_What to work on_
The copy must run from the first line of the entries below through the line containing "Lädt zum Wandern", restated word for word, with pictures left out.

#### Given records

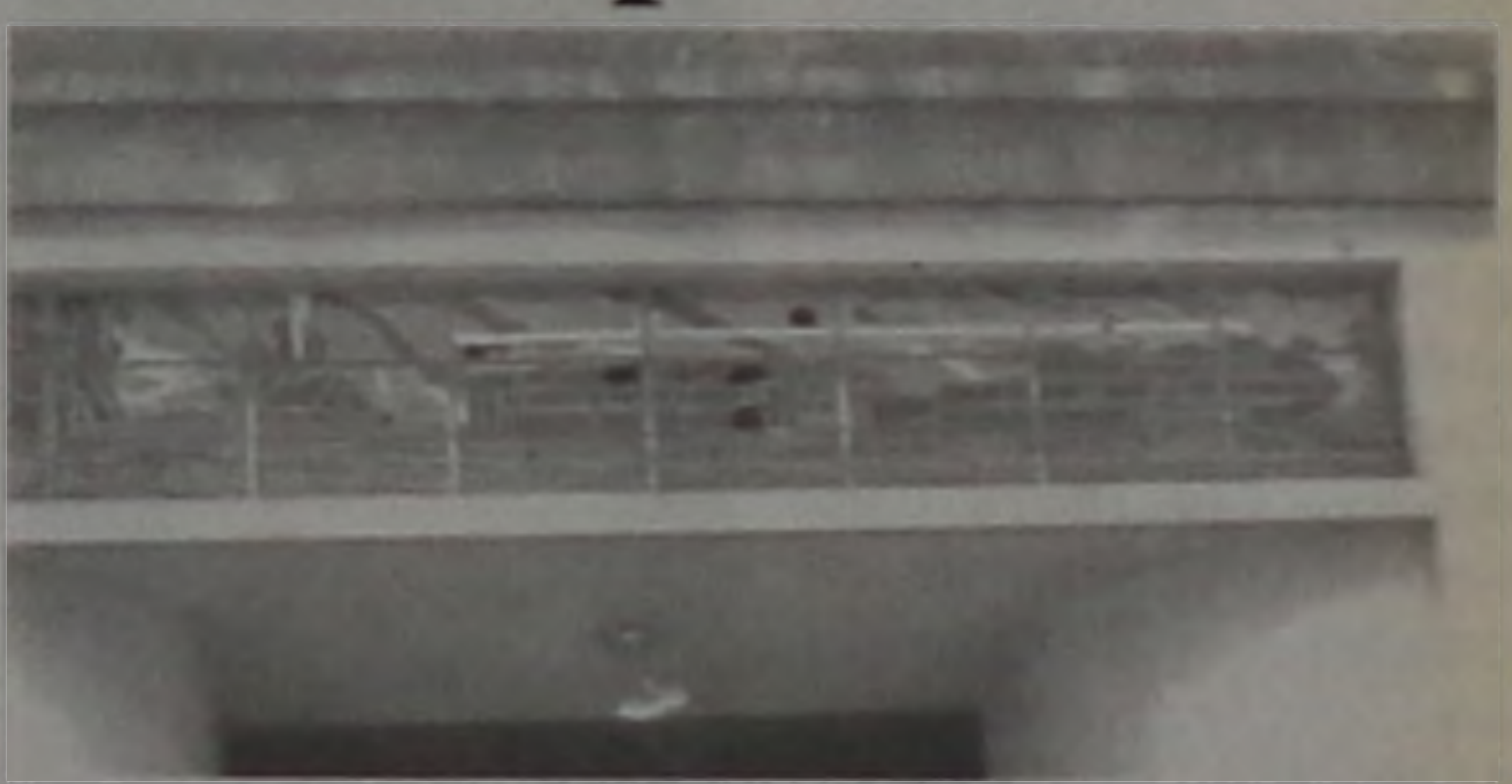
danificado por vândalos. Pela foto, observa-se os sinais dos danos no vitral "Maria Fumaça", símbolo da antiga estrada de ferro Sorocabana.

Entretanto, o velho prédio da Estação FEPASA, que é um patrimônio que precisa de recuperação, teve, dias atrás, seu centenário vitral
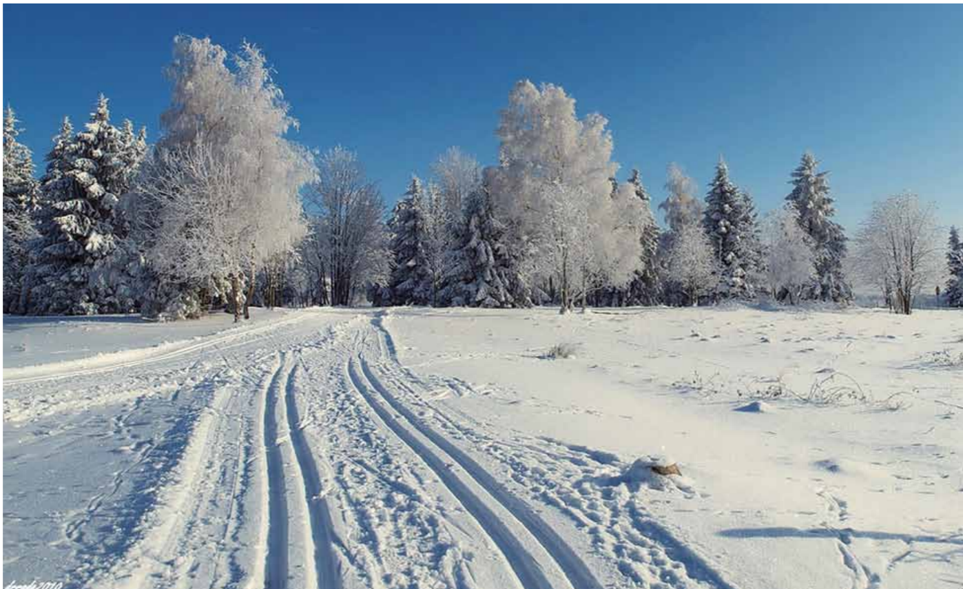
Auch im Winter einen Besuch wert: Langlaufloipen in der Rennsteigregion

Lädt zum Wandern ein: die Rennsteigregion im Frankenwald ... ist ein wahres Paradies für alle Naturverbundenen. Auf markierten Wander-, Nordic Walking-, Rad- und Mountainbike-Strecken begegnen Sie stets der reichen Geschichte, Tradition und Kultur des Frankenwaldes. Reich an Abwechslung ist auch ein Aufenthalt im Winter. Gepflegte Skipisten und Langlaufloipen ermöglichen ideale Wintersportbedingungen. Zudem zeigen Ihnen bei „Handwerk & Kultur erleben“ Traditionsunternehmen aus den verschiedensten Branchen bei spannenden Werks- und Erlebnisführungen ihre Handwerkskunst.
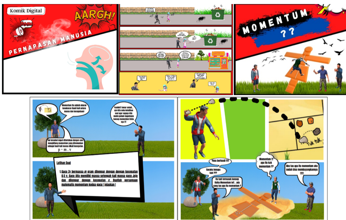
Gambar 4. Contoh Produk Media Komik Digital
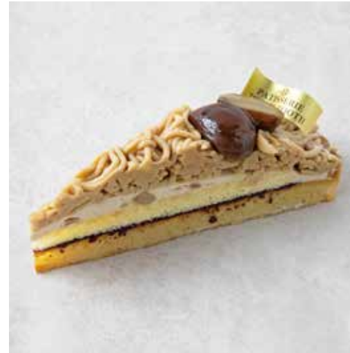
Tarte au mont blanc タルトモンブラン
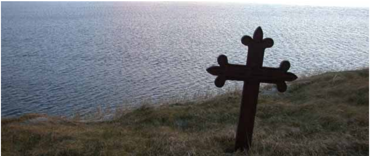
Minningarmörk á Álftanesi
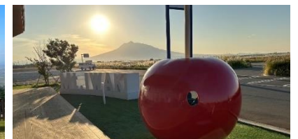
藤崎町・ふじさき食彩テラス 【10月4日～11月5日】

########

_Answer_
danificado por vândalos. Pela foto, observa-se os sinais dos danos no vitral "Maria Fumaça", símbolo da antiga estrada de ferro Sorocabana.

Entretanto, o velho prédio da Estação FEPASA, que é um patrimônio que precisa de recuperação, teve, dias atrás, seu centenário vitral
Auch im Winter einen Besuch wert: Langlaufloipen in der Rennsteigregion

Lädt zum Wandern ein: die Rennsteigregion im Frankenwald ... ist ein wahres Paradies für alle Naturverbundenen. Auf markierten Wander-, Nordic Walking-, Rad- und Mountainbike-Strecken begegnen Sie stets der reichen Geschichte, Tradition und Kultur des Frankenwaldes. Reich an Abwechslung ist auch ein Aufenthalt im Winter. Gepflegte Skipisten und Langlaufloipen ermöglichen ideale Wintersportbedingungen. Zudem zeigen Ihnen bei „Handwerk & Kultur erleben“ Traditionsunternehmen aus den verschiedensten Branchen bei spannenden Werks- und Erlebnisführungen ihre Handwerkskunst.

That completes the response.